13.9. Database Normalization#
13.9.1. What is database normalization?#
Normalization is the process of structuring a relational database to reduce redundancy and improve data integrity.
Goals:
Eliminate redundant data
Reduce anomalies during insert, update, and delete
Ensure attributes depend on the key, the whole key, and nothing but the key
How is normalization achieved?
By applying a series of normal forms. Each normal form imposes stricter rules; in practice, achieving 1NF, 2NF, and 3NF is usually sufficient for OLTP systems.
References:
13.9.2. Normal Forms (concise)#
First Normal Form (1NF)
No repeating groups or arrays
All values are atomic (single, indivisible values)
Second Normal Form (2NF)
The table is in 1NF
No partial dependency: each non-key attribute depends on the entire primary key (relevant when the key is composite)
Third Normal Form (3NF)
The table is in 2NF
No transitive dependencies: no non-key attribute depends on another non-key attribute
13.9.3. Summary#
All values must be atomic (1NF)
No partial dependency on part of a composite key (2NF)
No transitive dependency among non-key attributes (3NF)
13.9.4. Bad Design Examples#
13.9.4.1. Example 1#
Show code cell source
import sqlite3
import pandas as pd
conn = sqlite3.connect('example1.db')
sql_statement = "SELECT * FROM EMPLOYEES_PROJECTS_TIME"
df = pd.read_sql_query(sql_statement, conn)
df.style.set_table_attributes('style="font-size: 12px"')
| EmployeeID | Name | Project | Time | |
|---|---|---|---|---|
| 0 | EN1-26 | Sean O'Brien | 30-452-T3, 30-457-T3, 32-244-T3 | 0.25, 0.40, 0.30 |
| 1 | EN1-33 | Amy Guya | 30-452-T3, 30-382-TC, 32-244-T3 | 0.05, 0.35, 0.60 |
| 2 | EN1-35 | Steven Baranco | 30-452-T3, 31-238-TC | 0.15, 0.80 |
| 3 | EN1-36 | Elizabeth Roslyn | 35-152-TC | 0.90 |
| 4 | EN1-38 | Carol Schaaf | 36-272-TC | 0.75 |
| 5 | EN1-40 | Alexandra Wing | 31-238-TC, 31-241-TC | 0.20, 0.70 |
Problems with Example 1
Repeating groups of fields (e.g.,
project1,project2, …)Project and time fields are not atomic
Can’t sort by last name (e.g., if stored together as full name without split)
Can’t sort by time because the field is stored as text; store durations as numeric (e.g., minutes) or a standard format
Implicit pairing between project and time (not explicitly modeled)
13.9.4.2. Example 2#
Show code cell source
import sqlite3
import pandas as pd
conn = sqlite3.connect('example2.db')
sql_statement = "SELECT * FROM EMPLOYEES_PROJECTS_TIME"

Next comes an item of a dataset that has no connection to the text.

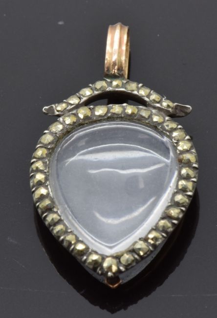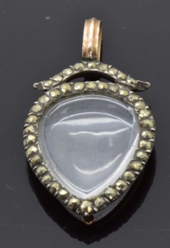 Victorian heart shaped locket / pendant set with marcasite, 1.5 x 2.7cm
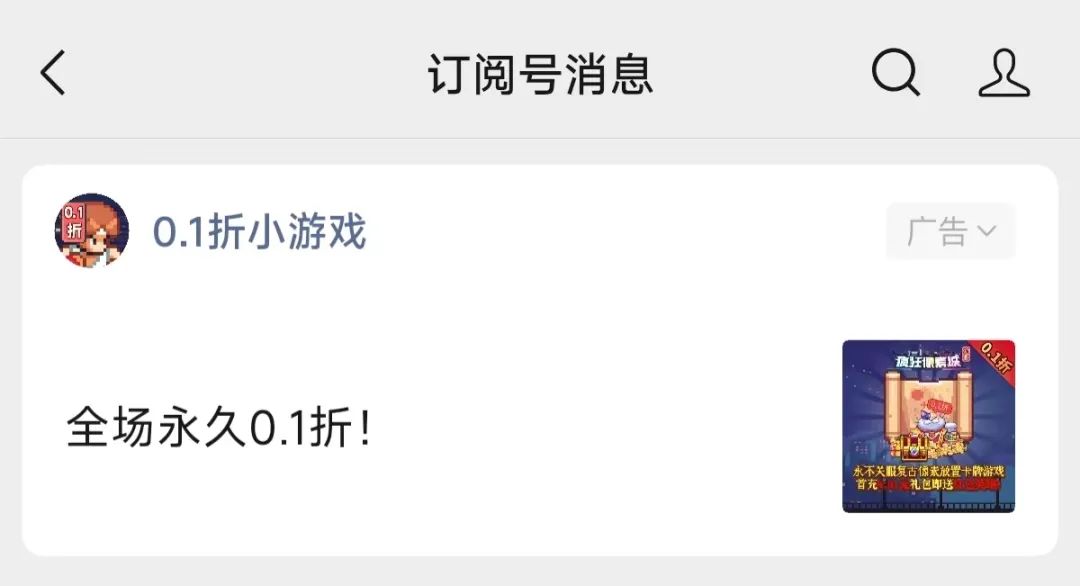 从玩家角度看,0.1折的噱头、低价策略,对于玩家是观念上的直接影响。玩家会认为:小游戏,就是低质内容,就应该“不花钱”、“少花钱”,“0.1折才是良心”——这是一种刻板印象、错误观念。

df = pd.read_sql_query(sql_statement, conn)
df.style.set_table_attributes('style="font-size: 12px"')
| EmployeeID | Last_Name | First_Name | Project1 | Time1 | Project2 | Time2 | Project3 | Time3 | |
|---|---|---|---|---|---|---|---|---|---|
| 0 | EN1-26 | O'Brien | Sean | 30-452-T3 | 0.250000 | 30-457-T3 | 0.400000 | 32-244-T3 | 0.300000 |
| 1 | EN1-33 | Guya | Amy | 30-452-T3 | 0.050000 | 30-382-TC | 0.350000 | 32-244-T3 | 0.600000 |
| 2 | EN1-35 | Baranco | Steven | 30-452-T3 | 0.150000 | 31-238-TC | 0.800000 | None | nan |
| 3 | EN1-36 | Roslyn | Elizabeth | 35-152-TC | 0.900000 | None | nan | None | nan |
| 4 | EN1-38 | Schaaf | Carol | 36-272-TC | 0.750000 | None | nan | None | nan |
| 5 | EN1-40 | Wing | Alexandra | 31-238-TC | 0.200000 | 31-241-TC | 0.700000 | None | nan |
Analysis of Example 2
Sorting is possible if data types are corrected
Not scalable: how do you add another project without altering the schema?

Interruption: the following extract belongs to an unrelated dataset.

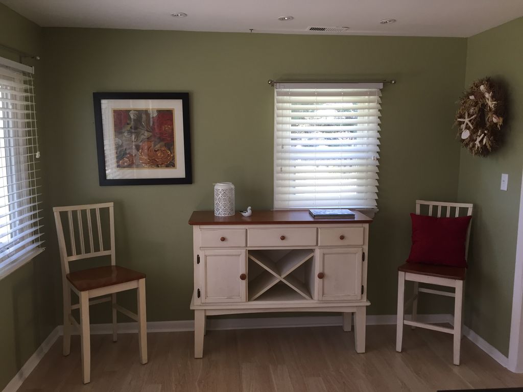 Private house right behind the Washington Inn. 2 bedrooms, full kitchen, living room and dining room. Master bedroom has queen size bed. Second bedroom has twin beds. In the closet, we have a fold up cot if you need one. There's even a pull out couch in the living room. Great for small families or couples. Wifi and smart TVs in both bedrooms and living room.

13.9.4.3. Example 3 (Move to 1NF)#
Show code cell source
import sqlite3
import pandas as pd
conn = sqlite3.connect('example3.db')
sql_statement = "SELECT * FROM EMPLOYEES"
df = pd.read_sql_query(sql_statement, conn)
display(df.style.set_table_attributes('style="font-size: 12px"'))
sql_statement = "SELECT * FROM PROJECTS_EMPLOYEES_TIME"
df = pd.read_sql_query(sql_statement, conn)
df.style.set_table_attributes('style="font-size: 12px"')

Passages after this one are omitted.